[[ Available records open ]]

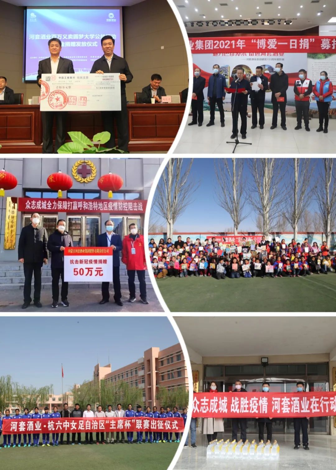 河套酒业集团在自身发展的同时,不断传递品牌温度,企业积极参与地方及国家开展的各项社会公益活动,从不间断,通过开展抗灾救助、爱心助学、助力乡村振兴等多种方式践行社会责任担当,尤其在抗击新冠疫情期间,企业持续捐款和捐赠防控物资达600多万元。近十几年来,河套酒业集团累计上缴国家税金超过60多亿元,累计社会公益捐助超过1.5亿元。
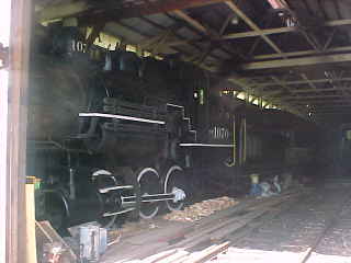 Inside the shop was Lake Whatcom Railway 0-6-0 1070, ex. Frank Culp 1962, exx. Edward Campbell 1959, exxx. Simpson Timber Company 1070, nee Northern Pacific 1070, built by American Locomotive Company in 1907. Also here were Northern Pacific parlour-observation car "Madison River", wooden caboose 10869 and coaches 1512 and 627.
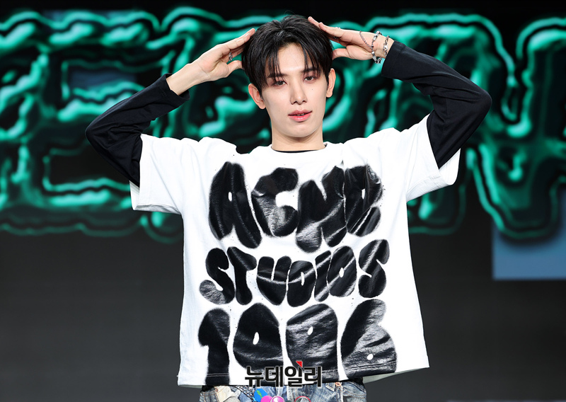 올아워즈 건호가 4일 오후 서울 강남구 일지아트홀에서 열린 세번째 미니앨범 '스모크 포인트' 쇼케이스에서 포즈를 취하고 있다.
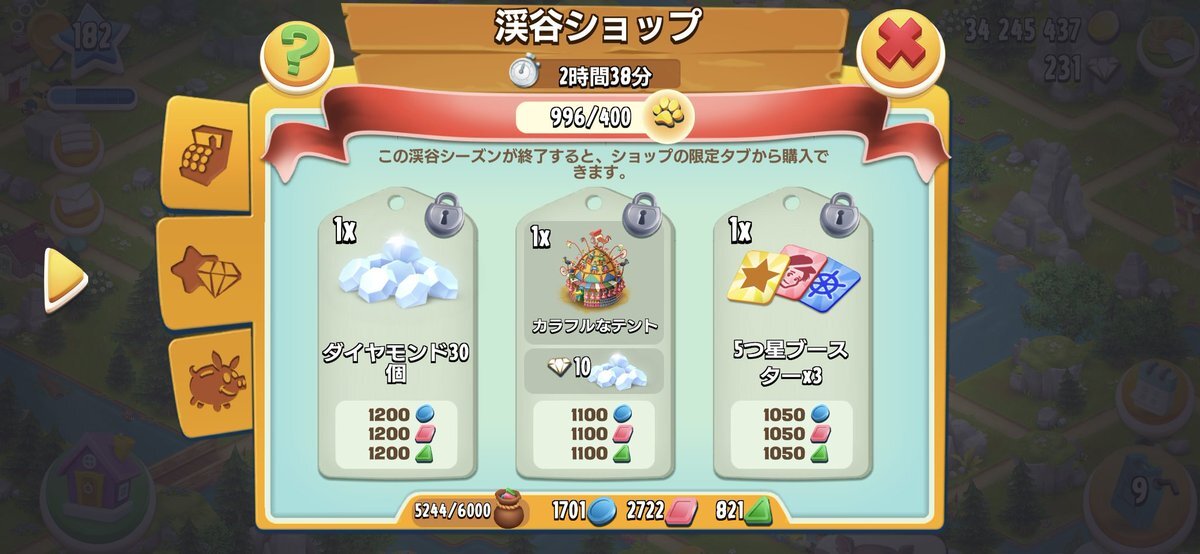 #ヘイデイ #渓谷 ルーレットチャンスはあと1回が限界っぽくて貯金箱なしだとカラフルなテントまであと緑が279足りない😣 今ガソリン9+ルーレット1回分で動物3匹を園に送れたとして1色279も行くっけ~😓今回欲しい物は緑トークン多いなって思ってた気がするから心当たりはある🤦♀️やってしまったなぁ🫠 pic.x.com/c1JrfnhsVH
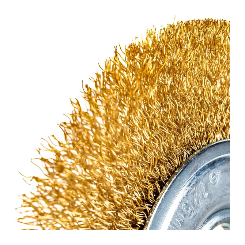 Используется в качестве насадки для электрических станков и УШМ (болгарок) для крацевания поверхностей. Стальная проволока диаметром 0,3 мм с латунным антикоррозийным покрытием. Посадочное отверстие 22,2 мм. В комплект входят переходники для посадочного отверстия диаметром 13, 16 мм.
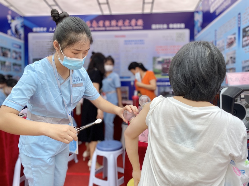 美容美体专业学生正在为体验者拔罐。李浩蓉摄

[[ Available records closed ]]

◆ **What you are asked to do**: Exact copy, no pictures: return the entries word for word.

◆ **Problem solution**:
 河套酒业集团在自身发展的同时,不断传递品牌温度,企业积极参与地方及国家开展的各项社会公益活动,从不间断,通过开展抗灾救助、爱心助学、助力乡村振兴等多种方式践行社会责任担当,尤其在抗击新冠疫情期间,企业持续捐款和捐赠防控物资达600多万元。近十几年来,河套酒业集团累计上缴国家税金超过60多亿元,累计社会公益捐助超过1.5亿元。
 Inside the shop was Lake Whatcom Railway 0-6-0 1070, ex. Frank Culp 1962, exx. Edward Campbell 1959, exxx. Simpson Timber Company 1070, nee Northern Pacific 1070, built by American Locomotive Company in 1907. Also here were Northern Pacific parlour-observation car "Madison River", wooden caboose 10869 and coaches 1512 and 627.
 올아워즈 건호가 4일 오후 서울 강남구 일지아트홀에서 열린 세번째 미니앨범 '스모크 포인트' 쇼케이스에서 포즈를 취하고 있다.
 #ヘイデイ #渓谷 ルーレットチャンスはあと1回が限界っぽくて貯金箱なしだとカラフルなテントまであと緑が279足りない😣 今ガソリン9+ルーレット1回分で動物3匹を園に送れたとして1色279も行くっけ~😓今回欲しい物は緑トークン多いなって思ってた気がするから心当たりはある🤦♀️やってしまったなぁ🫠 pic.x.com/c1JrfnhsVH
 Используется в качестве насадки для электрических станков и УШМ (болгарок) для крацевания поверхностей. Стальная проволока диаметром 0,3 мм с латунным антикоррозийным покрытием. Посадочное отверстие 22,2 мм. В комплект входят переходники для посадочного отверстия диаметром 13, 16 мм.
 美容美体专业学生正在为体验者拔罐。李浩蓉摄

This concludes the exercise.